Part of the report on the NIST Python workshop software managmeent session

ken.manheimer@nist.gov, 301 975-3539

Original 20-Nov-1994,

Last mod 14-Dec-1994 klm.

Intrinsic docs

(As mentioned above, see custom.py for an example exhibiting the proposed feature.)

It was quickly agreed that python needs a mechanism by which textual descriptions can be associated with any python object. We propose that any object can have an optional __doc__ property, which would contain the documentation string for the object, if it has one. The docstring could be assigned like any other attribute:

	spam.__doc__ = 'oi dont loike spam'
We also propose that the definition syntax for callables (functions, methods, and classes) and modules include optional, formal slots for docstring declarations.

In trying to resolve the form and syntax for docstring, we started with GNU Emacs docstrings as a model, and went on to examine some prospective uses for these things:

There was some vigorous discussion over alternate formats and elaborations of the elisp docstring format. One of the concerns was capturing structured info in the object doc. We eventually agreed that:

  1. in this case, simplest is both sufficient and best, and
  2. the ':' colons in the 'def' and 'class' syntax should come before the docstring, which would be on a separate line.
(Re simplicity, some structuring can still be embedded in the docstring, even in such a simplistic docstring sytax. Eg, conventions could dictate having the leading line of a docstring be complete unto itself, for a brief description, like in elisp. We could also employ conventions to migrate towards accomodating html code in docstrings, for more elaborate and prettier descriptions...)

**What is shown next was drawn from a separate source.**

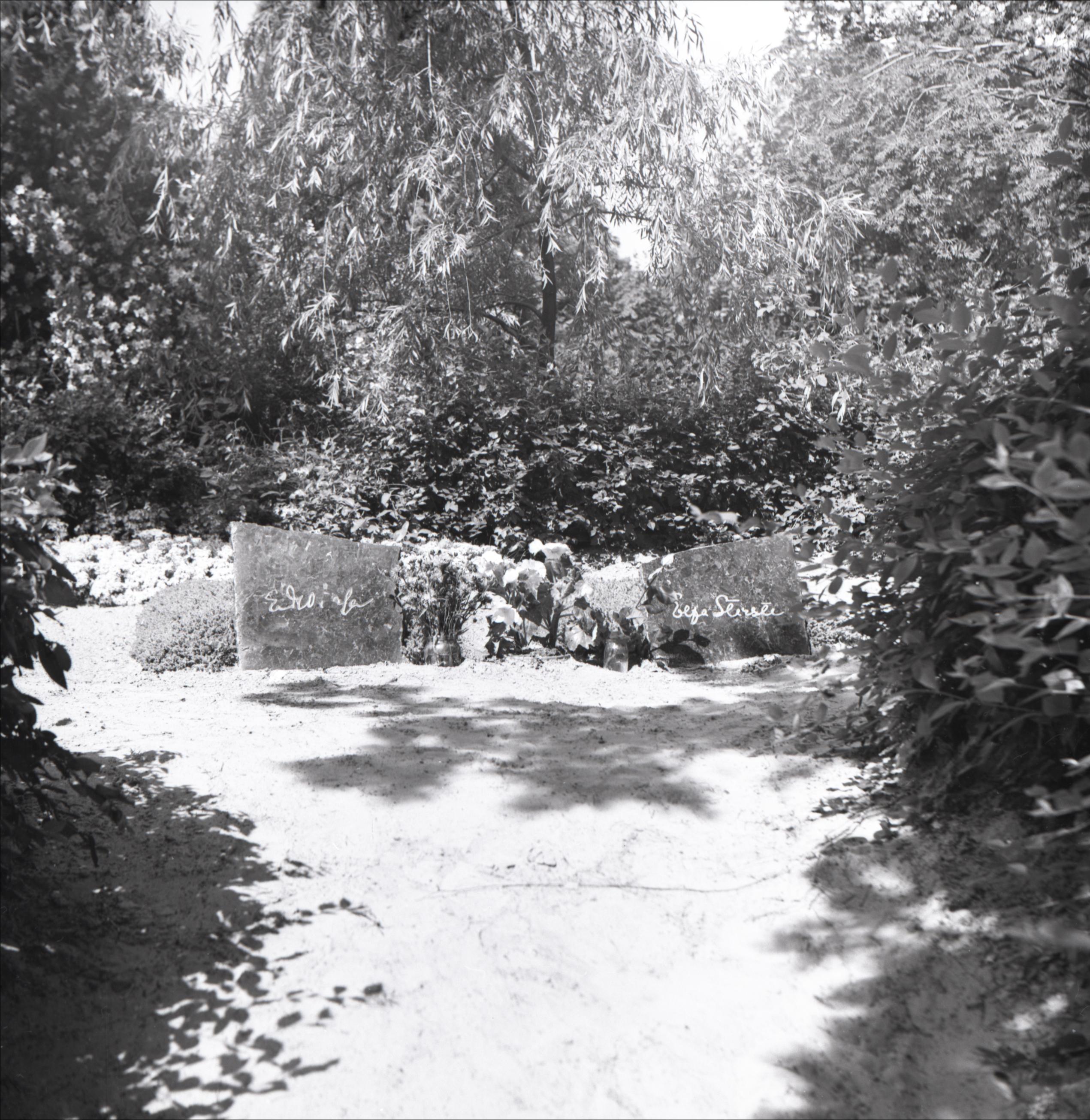 1. Meža kapi: Rakstnieces Elzas Stērstes kaps. Divi kapa pieminekļi, starp tiem ziedi, aiz tiem koki, krūmi

For callable (functions, methods, and classes) and module definitions, we suggest that when (and only when) the first executable statement is a string literal, that string becomes the value of the callable's __doc__ property.

For example:

  def fondle(phrase):
      """Innocuous foreign phrase => arbitrary, vulgar english phrase.

      Neither idempotent, commutative, nor associative, but
      respects tv censorship constraints.""" 

      code...
The docstrings should fall as a block at the indentation level of the code within the routine, so the nominal left margin of the docstring as a whole will be determined by the indentation column of the leading quote ("COTLQ"). In this way, subsequent lines can be indented further, but leading whitespace up to the COTLQ will be stripped. (The lines should be considered to start at the COTLQ or the first non-whitespace character on the line, to enable longer lines when necessary.)

Modules should also support an inherent doc string, as the first object in the module.

All formal docstring slots are optional - there need not be a string there, in which case the __doc__ attribute will be left off of the resulting object, until it is explicitly assigned.

The intrinsic changes to the language syntax would entail parsing the implicit docstrings of callables and modules, and assigning them to the __doc__ attributes. No forwards or backwards incompatibilities with established python code is introduced.

(One small, incidental change that would also be nice is in utilities like the debugger, which should be made to ignore the initial docstring when tooling functions for debugging...)

It may be a useful to expose a hook in the language for processing docstrings as they're being parsed (or assigned?), so they can be systematically processed, eg to expand keyword references and/or register them in a central 'apropos' repository, etc.

In any case, this proposed feature leaves the door open for, but does not define, utilities which systematically build on and employ docstrings.